Consistency is so difficult. Tomorrow is my bi-monthly therapy day. My therapist was proudly touting at my last session that I had never missed an appointment since being released from the hospital last September. I guess that might not be the norm.

I can’t think of a day in that same period of time when I have missed my medications. Been a little late a few times, but tomorrow makes 200 days without missing a beat. And trust me, that is a shit ton of pills. A shit ton of feeling drowsy. A shit ton of battling weight gain. A shit ton of wondering where in the hell my sex drive went. A shit ton of shit tons.

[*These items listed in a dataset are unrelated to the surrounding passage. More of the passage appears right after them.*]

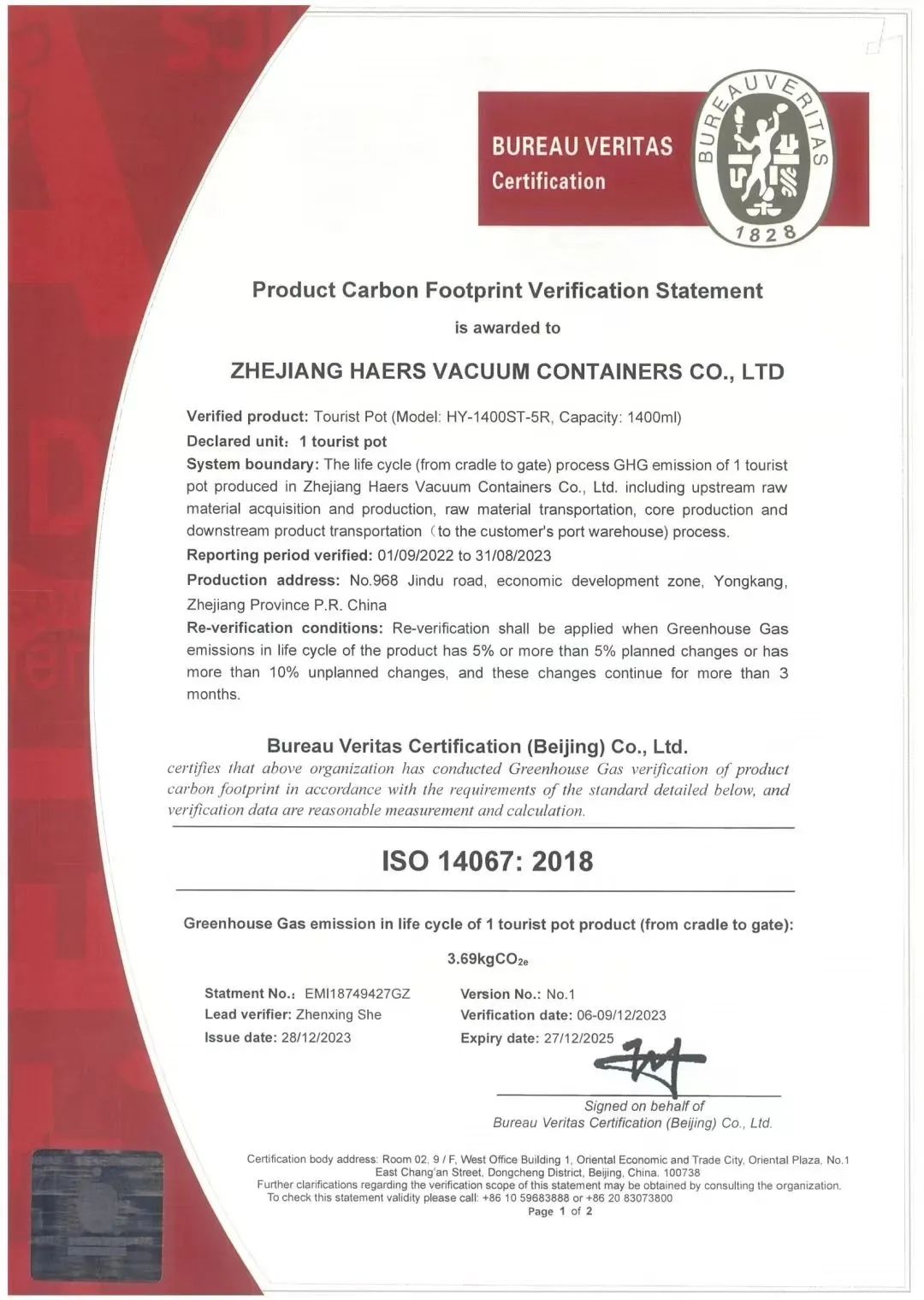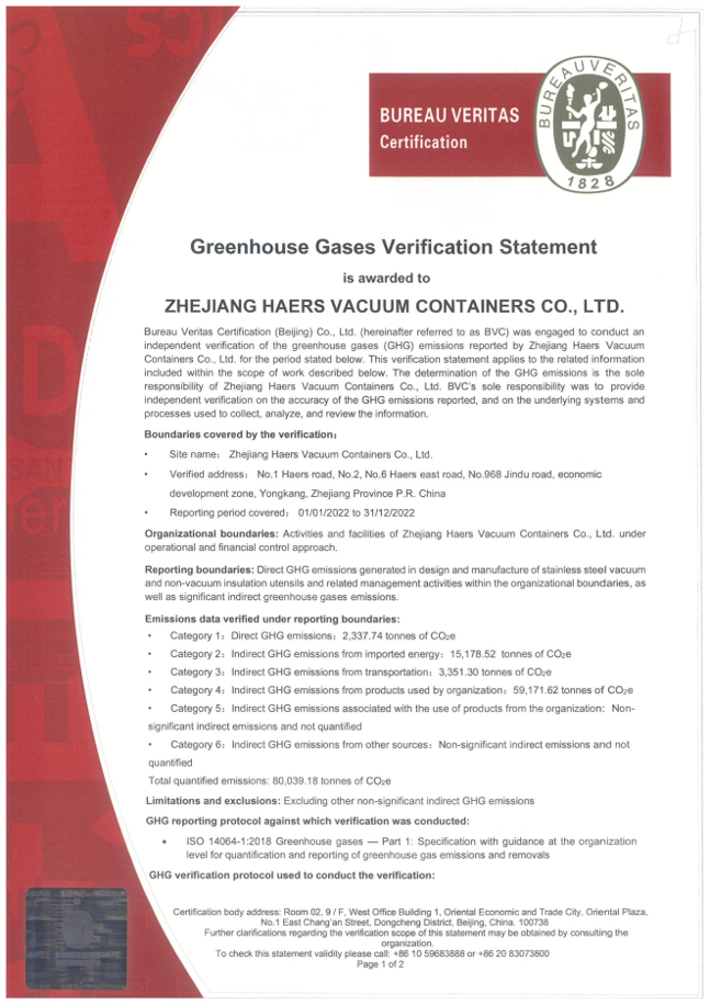 从产品设计、原材料选择到运输及回收环节,哈尔斯均贯彻绿色理念,此前获得由必维国际检验集团(Bureau Veritas,以下简称“必维”)颁发的杯壶行业首张温室气体核查声明以及不锈钢杯壶类目的首张产品碳足迹证书,这一声明是哈尔斯量化产品全生命周期碳排放,践行绿色可持续发展道路的证明。哈尔斯可持续发展正将低碳基因植入每只杯壶的生命周期。
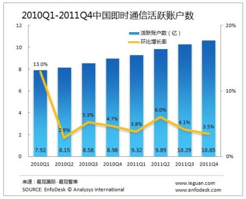 CTI論壇(ctiforum)3月23日消息(記者 潘婷婷): 根據(jù)EnfoDesk易觀智庫發(fā)布的《2011年第4季度中國即時通信市場季度監(jiān)測》數(shù)據(jù)顯示,截止到2011年底,中國即時通信活躍賬戶數(shù)達到10.65億,環(huán)比增長3.5%,同比增長18.62%。
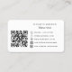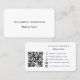 White background colour. Black text and icons. Personalise and add your name, title and contact information. Add your website url/link to the Qr code. With Facebook and Instagram icons.

Since September I have not had a week go by where I did not average at least 7 hours of sleep per night. That is kind of a magic number for me, and not always an easy one to achieve with a job that sounds the alarm at 3 a.m. every morning, and a 2nd grader and 8th grader that return from school 12 hours later. But I have found a way to be consistent. To get the job done.

Yoga. Exercise. Reading. Journaling. Oh…and blogging. All things that I find valuable to my mental health and well-being. All things that require an effort at consistency.

And I know this is true for all of us. All of us as people. So this isn’t some attempt at a pity party, but it is a reality check. Because when my consistency fades…things turn bad. Real bad.

Little things aren’t little things when if they aren’t done the next thing on your mind is how to take your own life. Consistency isn’t “optional” when inconsistency creates a crisis that sends your life and all those directly connected to you into a violent tailspin. Checklists are more than check boxes when they are necessary to keep the thoughts between your ears in check.

HOWEVER, it is fatiguing. On a good day. Exhausting on a bad. And much like sitting down at the piano, it can often seem like having to start back where I left off decades ago.